Friday, December 9, 2011

Virginia: A Model for Administering the Death Penalty

Virginia should be the model for administering the death penalty nationwide.  In Virginia the death penalty is more than a symbolic penalty.  Death sentences are reviewed and carried out. The death penalty is a deterrent in Virginia.

Virginia inmates spend half the time, 7.1 years, from sentencing to execution than the average wait nationally, and the relatively large number of executions and fewer death sentences here has left just 11 killers on death row, reported the Richmond Times-Dispatch.


Virginia's tally through 2010 — 108 executions out of 149 death sentences — is in large part a result of fewer reversals, historically at least, by the Virginia Supreme Court and the 4th U.S. Circuit Courts of Appeals.

By comparison, California, which has conducted just 13 executions since 1977, has a death-row population of more than 700, among them Alfredo Prieto, condemned in 1992 for the rape and murder of a 15-year-old girl in Ontario, Calif.

From 1977 through 2010, fewer people were sentenced to death in Virginia than in other states with similar populations: Ohio, 230; North Carolina, 443; and Georgia 321. Virginia's per-capita execution rate, however, ranks fourth nationally. Alabama and South Carolina, with populations roughly half the size of Virginia, sentenced to death 439 and 194 people, respectively, during the same period.

Robert Blecker, a professor at the New York School of Law, supports execution for the worst offenders and said that on its face, Virginia's record appears to be exemplary.

"It is a ratio to which all states with a death penalty should aspire," Blecker told the Times-Disptach. Blecker is the author of the recently published "Let the Great Axe Fall," based in part on 12 years interviewing hundreds of killers at the District of Columbia's former Lorton Reformatory in Fairfax County.

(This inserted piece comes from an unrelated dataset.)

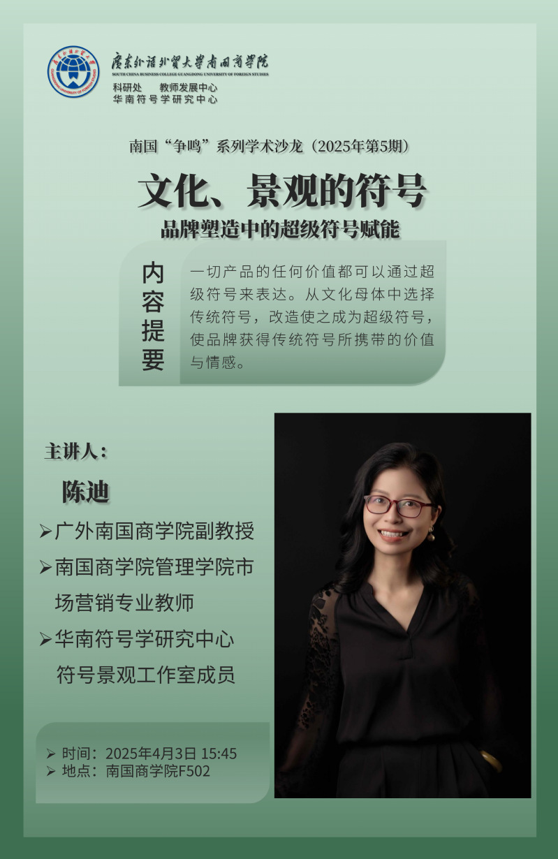 本校定于2025年4月3日在教学楼F栋502室举办南国“争鸣”学术沙龙(2025年第5期)文化、景观的符号。

"I heard stories from guys who murdered in D.C. but would not in Virginia because of 'what that state has waiting for me.' I can tell you that the guys feared Virginia's death penalty — whether from the high ratio, or for other reasons," he said.

Blecker said fewer death-case reversals by appeals courts here does not necessarily mean they are not doing a good job reviewing cases — it could mean that abolitionist judges in other parts of the country are finding too many errors.

"No trial is perfect," Blecker said. The question is whether errors were serious enough to have changed the outcome. He said judges on some appeals courts are using minor errors as pretexts for reversals.

"It could be that the 4th Circuit is really calling it accurately," he told the Times-Dispatch.

But, said Blecker, Virginia's execution ratio could obscure problems.

"We should condemn very, very few to death, and execute almost all of them," he said. He said it appeared that Virginia, with 15 death-eligible crimes, might want to cull the list.

"Ideally, the legislature should construct a death-penalty statute that truly isolates only the worst of the worst of the worst," he said.